I could live with the commissions recommendations, but the part about controlling Medicare spending was mostly just magical thinking. That needs to be more concrete
Steve
The problem is that everyone is a socialist when they have to require something from the government, and everyone is a anarchocapitalist when they have to pay taxes.
I think these guys passed on the Medicare problem, lest the thing really be DOA.
IMO, something like this needs to be done and health care still needs to be fixed.
It seems clear to me that there is more ire on the Left, than the Right. Or as Derek Thompson has written “the thoughtful right has been better on this than the thoughtful left. the crazies on either side are just being themselves.”
I think the timing, right after a difficult election, had liberals feeling their backs were against the wall.
I agree with Steve and john personna, above, that Medicare is the dog in the manger. While I’m generally favorably disposed to the proposals outlined in the chairmen’s draft, I’m uncomfortable with the assumptions of reductions in Medicare spending and with what I think are overly optimistic assumptions about growth.

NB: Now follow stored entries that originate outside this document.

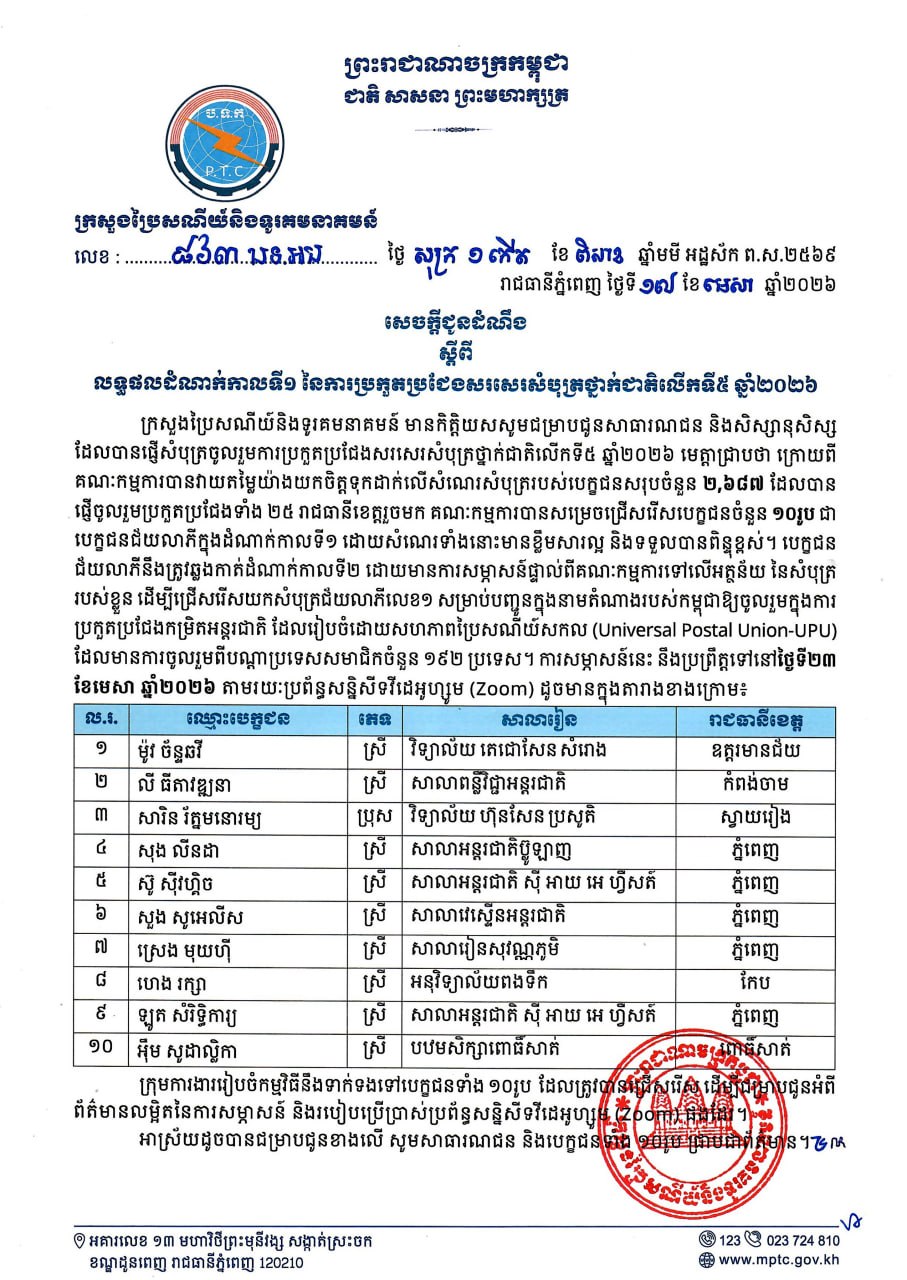 ក្រសួងប្រៃសណីយ៍ និងទូរគមនាគមន៍ ចេញសេចក្តីជូនដំណឹង ស្តីពី លទ្ធផលដំណាក់កាលទី១ នៃការប្រកួតប្រជែងសរសេរសំបុត្រថ្នាក់ជាតិ លើកទី៥ ឆ្នាំ២០២៦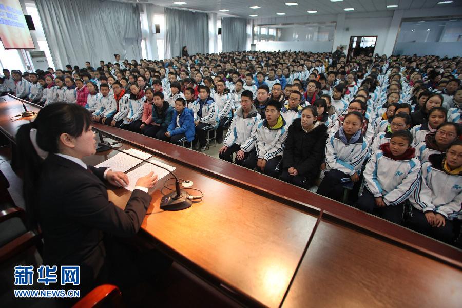 12月3日,河北张家口市桥东区法官为学生举办法律讲座。当日,河北张家口市桥东区人民法院在张家口第七中学开展法制宣传活动,通过法律讲座及模拟法庭增强学生的法律观念及自我保护意识。 新华社发(武殿森 摄)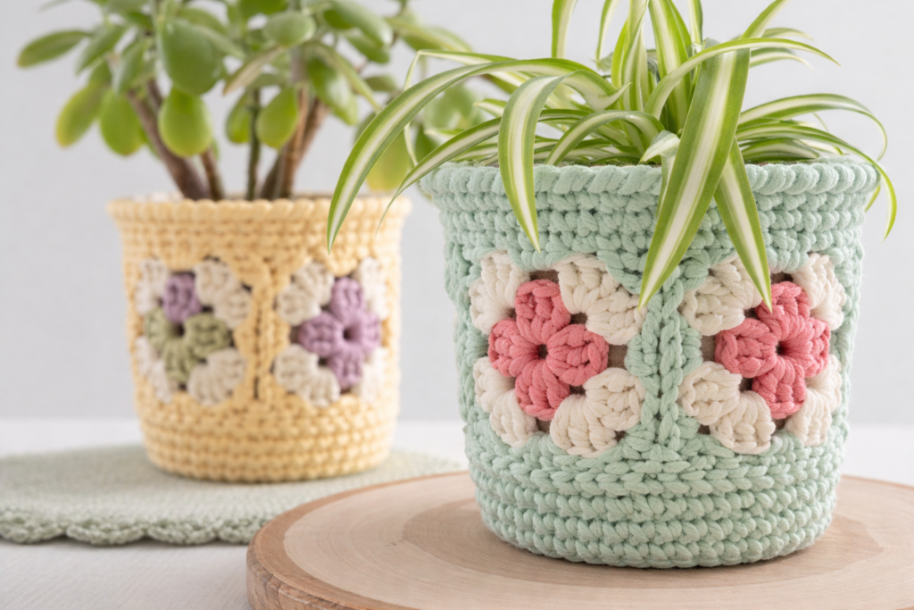 EASY Crochet Plant Cover with Granny Squares Crochet Pattern is the perfect project for anyone who loves combining creativity, sustainability,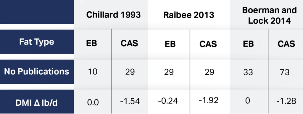 Published research work by Relling and Reynolds 2007 and Bradford et al 2008 in lactating dairy cows has shown similar results comparing EB 100 to CAS. EB 100 is a FA source containing mostly saturated FA high in stearic acid while CAS is primarily palmitic and oleic acids. CAS significantly increased CCK while EB 100 was similar to the control. Piantoni et al 2013 observed a significant increase in CCK comparing an 85% palmitic acid FA source to the control. These data suggest that FA sources high in palmitic and oleic acids increase CCK potentially leading to DMI depression, while a FA source high in stearic acid does not. These reports are shown in Table 3.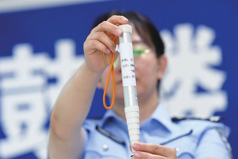 鼓楼派出所民警在一些老人的随身物品上贴写“防走丢信息”。 邓寅明 摄
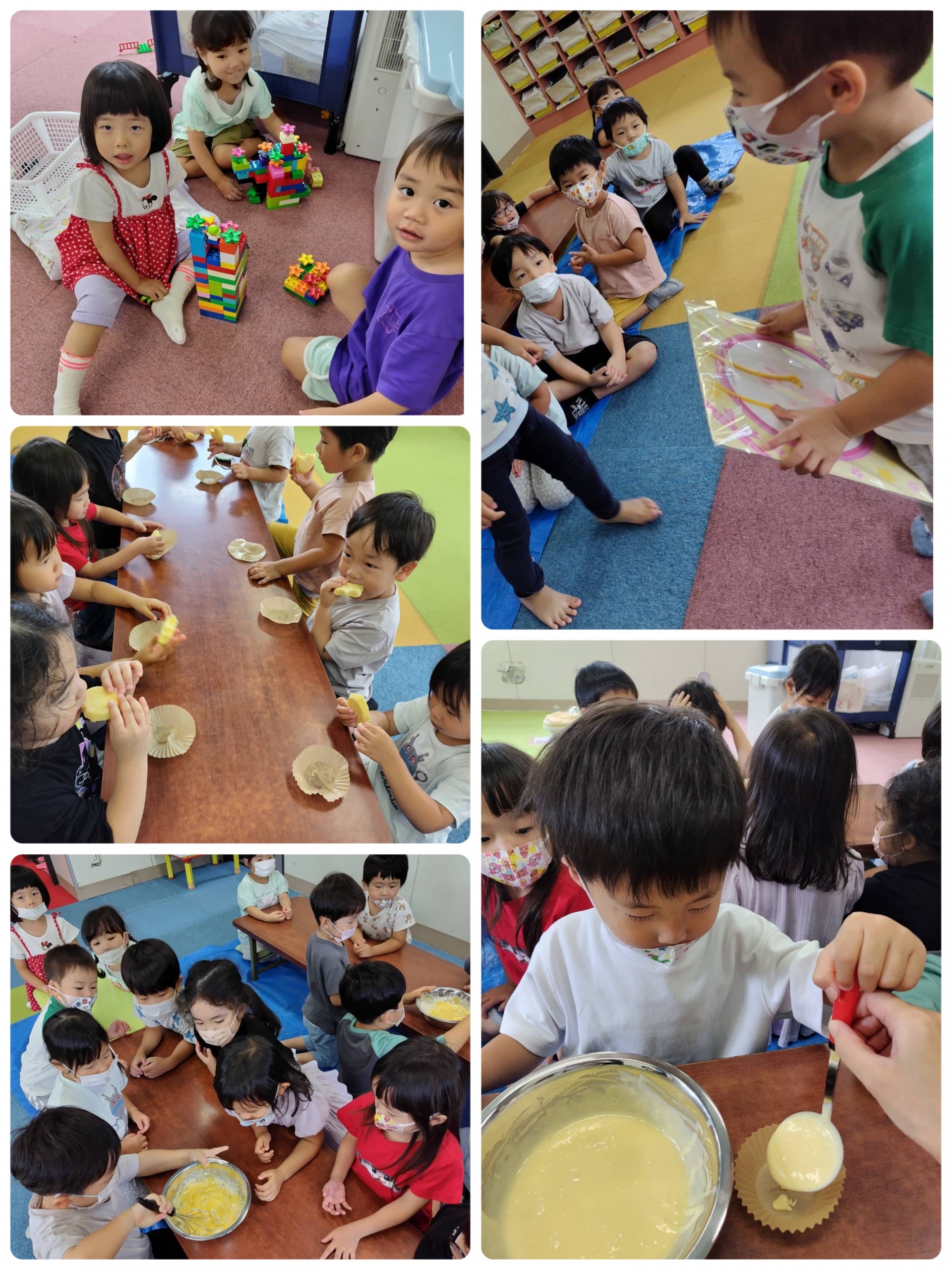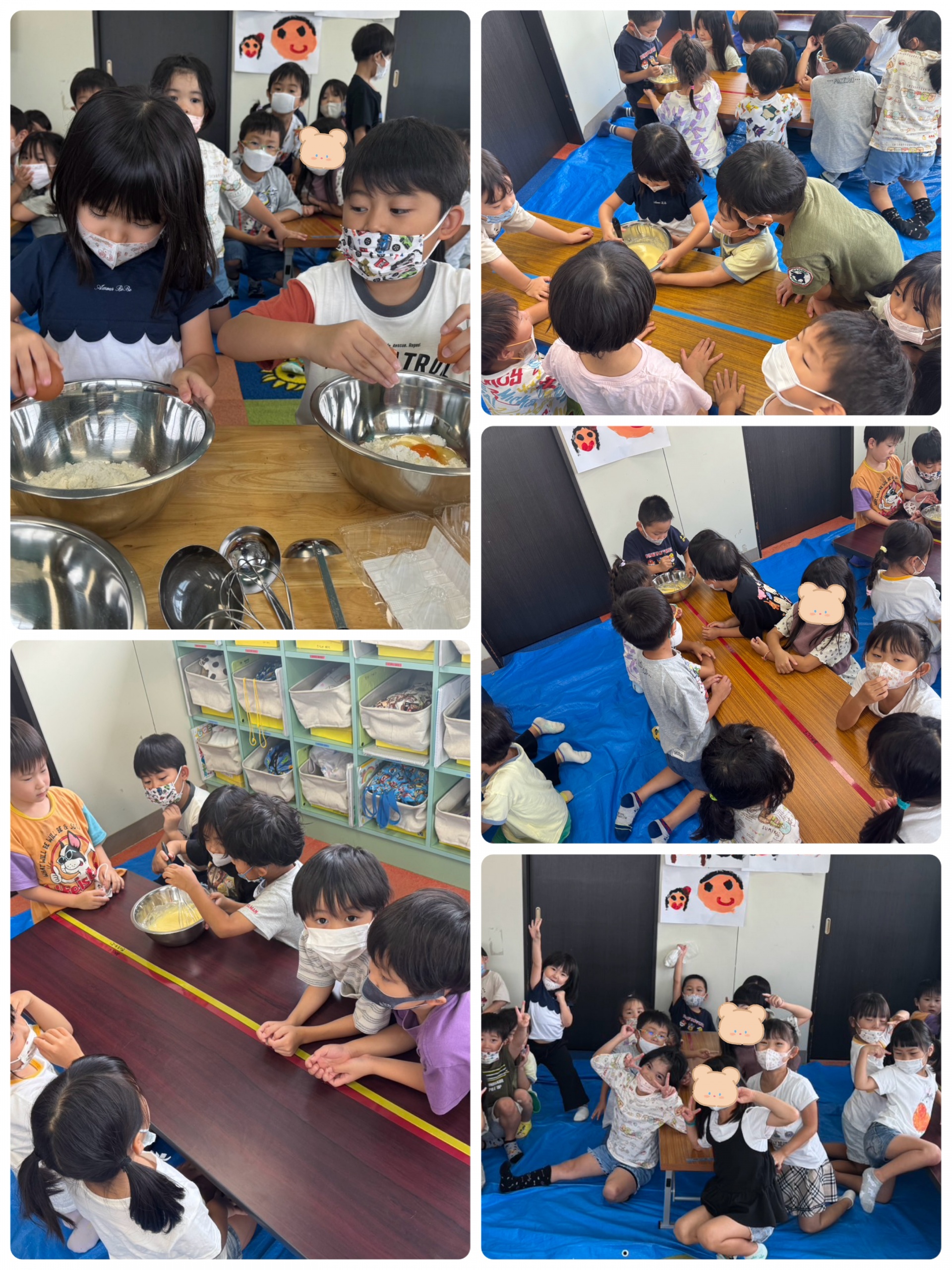 本園さんではくじらさん、きいろさんそれぞれのクラスで蒸しケーキ作りをしました♪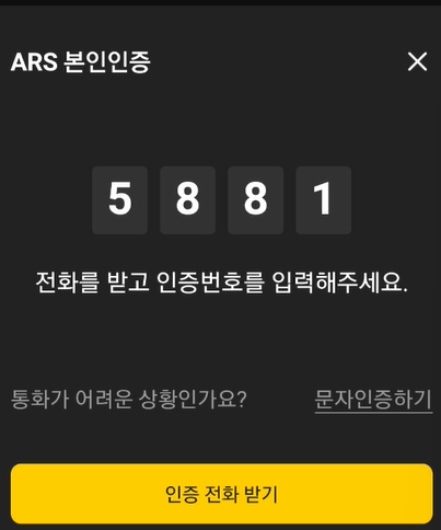 ARS 본인인증 화면에 보이는 4자리 숫자를 전화를 받고 인증번호를 입력해주시는 단계가 필요하게 됩니다. 전화가 걸려오면 숫자를 입력한 다음 다시 돌아와 '인증 확인' 버튼을 눌러주세요.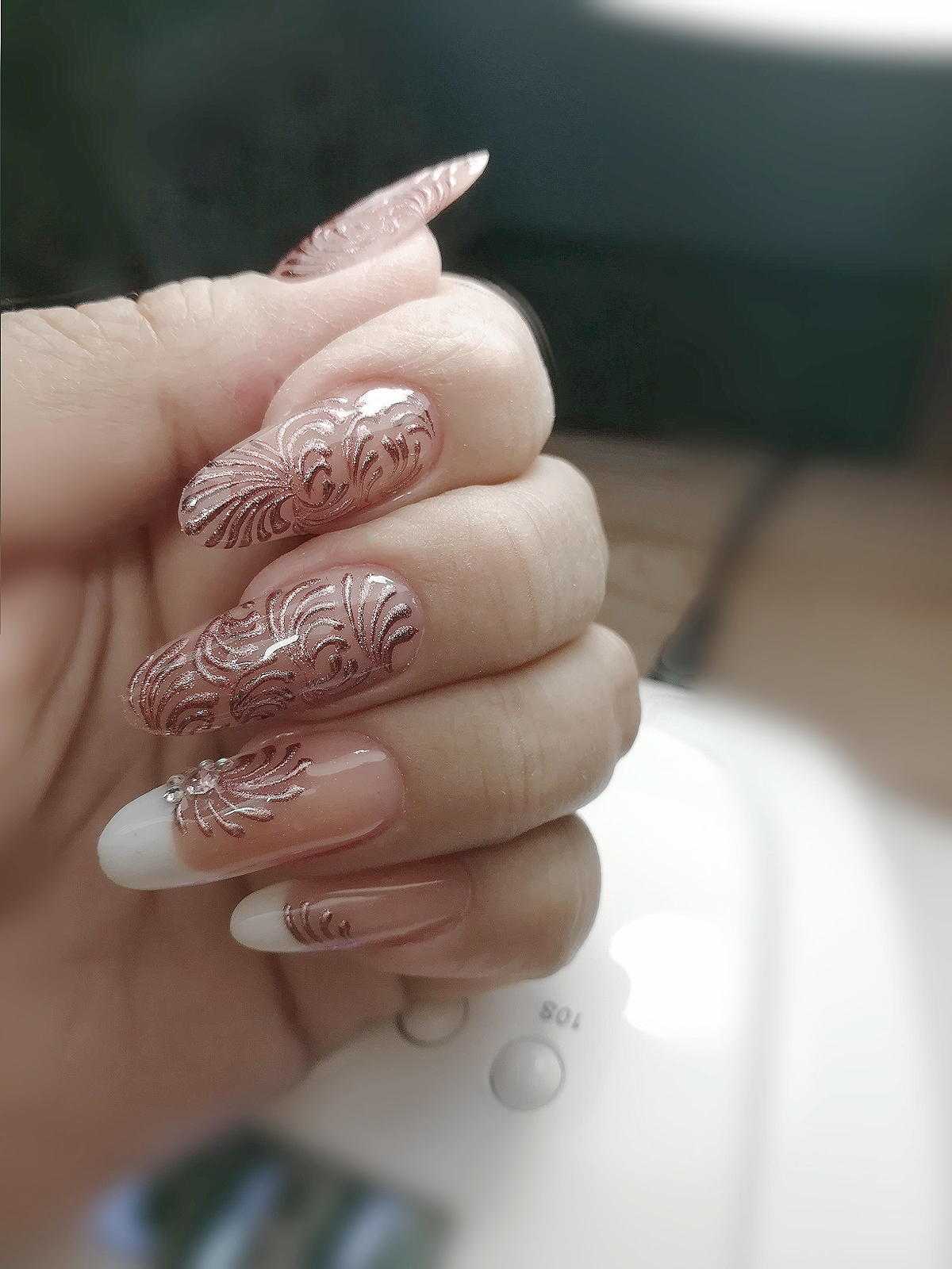Также очень стильно и нежно смотрится нюдовый дизайн в сочетании с симпатичными узорами из цветов, веточек, геометрических фигур, втертых капель, перепелиным узором или абстракцией.С нюдовым дизайном очень красиво смотрится матовый топ, как на одном или нескольких ногтях, так и в дизайне «разные руки». Также очень нарядно и мило смотрится, если добавить небольшое количество фольги, блесток или несколько страз, как легкое украшение для нюдового дизайна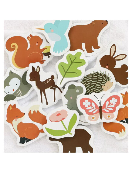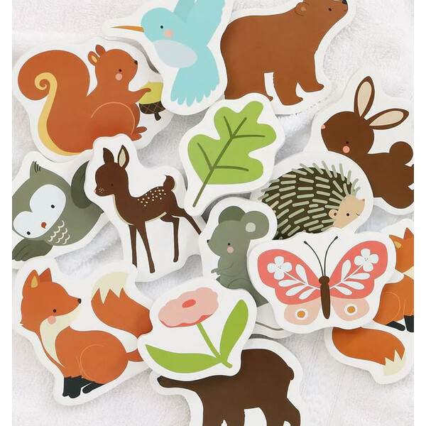 Една страхотна игра за баня, което сме сигурни, че ще очарова вашето дете, особено ако е любител на горските животни! Украсете душа или ваната, докато се къпете. Оставете вашето дете да потопи животните във водата и след това да ги залепи към стената, плочките или едно към друго.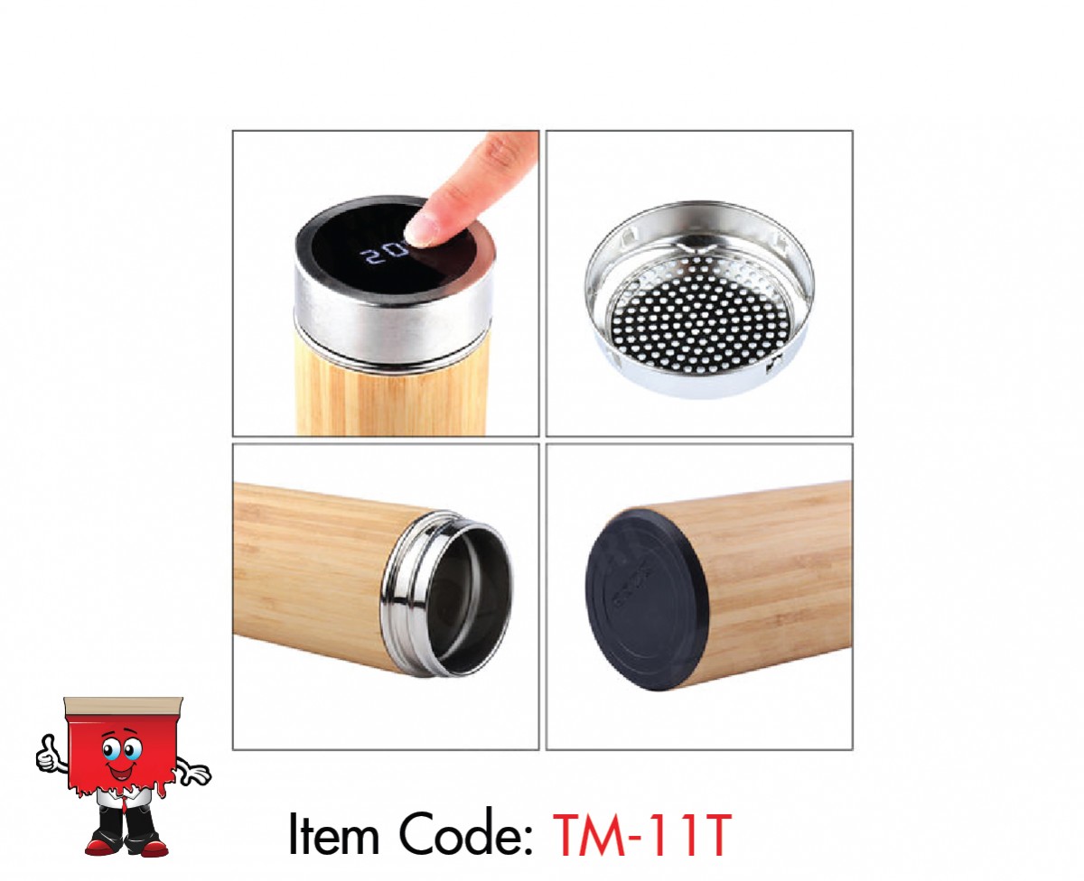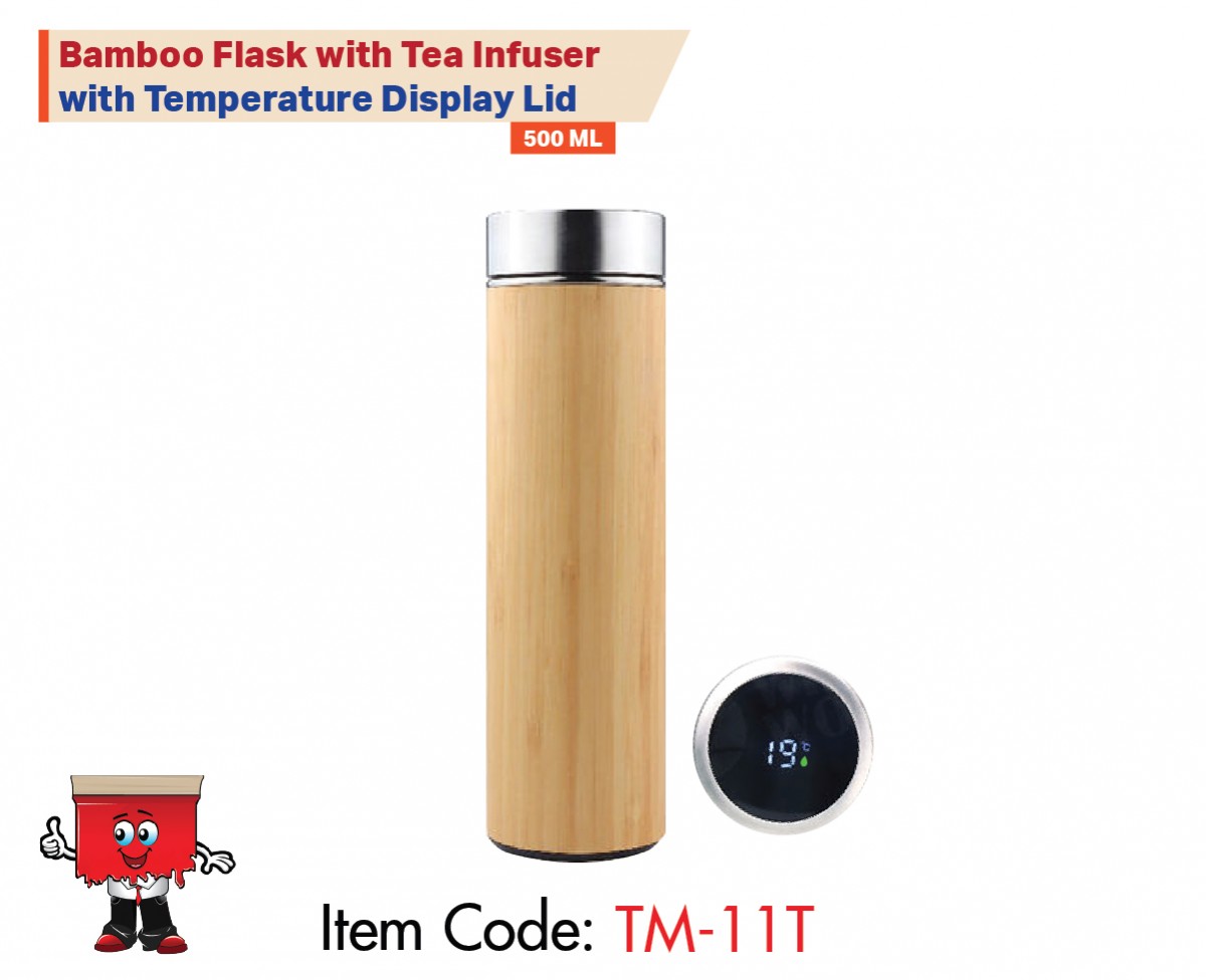 Bamboo Flask With Tea Infuser Ss Inside with Temperature Display Lid

Part of the problem is the right needs to eventually recognize that if you’re running a deficit, you can’t really raise or lower taxes. You just shift what portion is taxed directly and what portion is taxed indirectly in the form of devaluation of the currency. Letting me keep more dollars with significatly less buying power doesn’t actually improve my situation.
You might want to mention that to Ben Bernanke.
Yes, but the connection is opaque to most people.
I was actually surprised when Sarah Palin came out against QE2, just because I thought the Tea Party folk would let the Fed fly, with its back-door solution.
Of course, if you genuinely cut spending in a recession, and contract the money supply, it would seem a hard road on jobs.
Of course Kent Conrad supports this monstrosity — it slashes the tax burden of the rich while imposing a greater one on the middle class, which is his sole political philosophy.
I’ve got no problem with people who support this thing, but please stop calling it “centrist.” Or “adult.” It’s just one more attempt to redistribute this nation’s wealth upwards.
PD Shaw: That’s one interpretation. Another one is that this proposal favors the right’s priorities more than the left’s.
I really don’t get how quick people are to claim the net-net, lower rates with fewer deductions, disproportionately favors the rich.
Won’t it be great to end the subsidy from renters (the genuine poor) to the rich house buyers?
JP, because they haven’t looked at the proposal, which has a graph showing that the tax credits/expenditures to be eliminated go disproportionately to the rich.
PD, slide 25?
I’m not sure I get it, but I thought it was saying that the status quo favors the rich.
“Tax expenditures are losses to the U.S. treasury from granting certain deductions, exemptions, or credits to specific categories of taxpayers.”
http://www.c-span.org/guide/congress/glossary/taxexpend.htm
jp, that’s what I was saying though I can see that I wasn’t clear. Eliminating the tax expenditures would make the tax code more progressive. As one blogger wrote somewhere, it’s almost as if progressives are solely invested in having a high tax rate, not whether it’s progressive.